**Source material:**
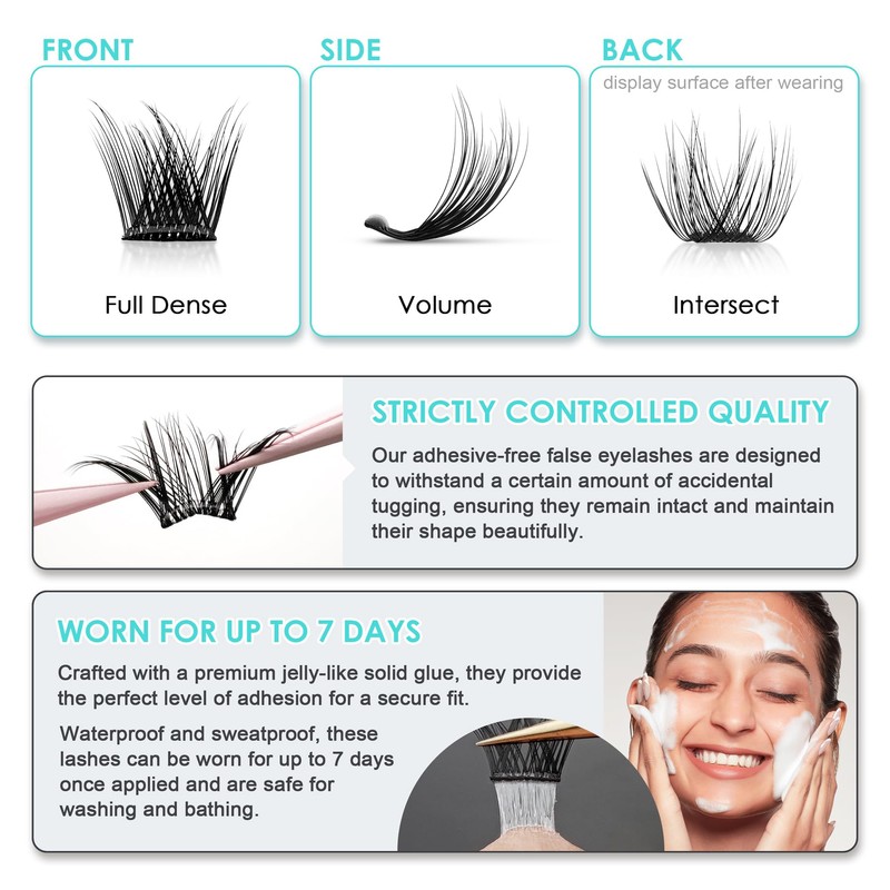 - 【Hochwertiger Festkleber】Unsere Wimpernbüschel verwenden einen hochwertigen geleeartigen Festkleber, der genau die richtige Menge an Haftung bietet und einen sicheren Sitz gewährleistet. Außerdem können sie bei Bedarf leicht entfernt und erneut angebracht werden, sodass Sie sich keine Sorgen machen müssen, ob es beim ersten Versuch perfekt wird.
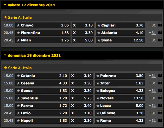 Quote serie A di Bwin aggiornate al 16 dicembre 2011 ore 17:30
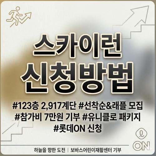 1층부터 123층까지 총 2,917개의 계단을 오르는 이번 대회는 선착순 및 래플(추첨) 방식으로 모집하며, 신청은 오직 롯데ON 앱을 통해 가능합니다. 참가비는 70,000원으로 전액 어린이 재활센터에 기부되는 뜻깊은 행사입니다. 참가자에게는 유니클로 기능성 티셔츠, 스포츠 삭스 등이 포함된 레이스 키트가 제공되며, 완주 시 메달과 디지털 기록증이 수여됩니다. 40세 이상 참가자는 당일 현장 검진이 필수인 만큼 철저한 안전 관리 속에 진행됩니다.​

**What you need to do:** Repeat the material above in full and exactly, omitting the pictures.

**Output of the exercise:**
 - 【Hochwertiger Festkleber】Unsere Wimpernbüschel verwenden einen hochwertigen geleeartigen Festkleber, der genau die richtige Menge an Haftung bietet und einen sicheren Sitz gewährleistet. Außerdem können sie bei Bedarf leicht entfernt und erneut angebracht werden, sodass Sie sich keine Sorgen machen müssen, ob es beim ersten Versuch perfekt wird.
 Quote serie A di Bwin aggiornate al 16 dicembre 2011 ore 17:30
 1층부터 123층까지 총 2,917개의 계단을 오르는 이번 대회는 선착순 및 래플(추첨) 방식으로 모집하며, 신청은 오직 롯데ON 앱을 통해 가능합니다. 참가비는 70,000원으로 전액 어린이 재활센터에 기부되는 뜻깊은 행사입니다. 참가자에게는 유니클로 기능성 티셔츠, 스포츠 삭스 등이 포함된 레이스 키트가 제공되며, 완주 시 메달과 디지털 기록증이 수여됩니다. 40세 이상 참가자는 당일 현장 검진이 필수인 만큼 철저한 안전 관리 속에 진행됩니다.​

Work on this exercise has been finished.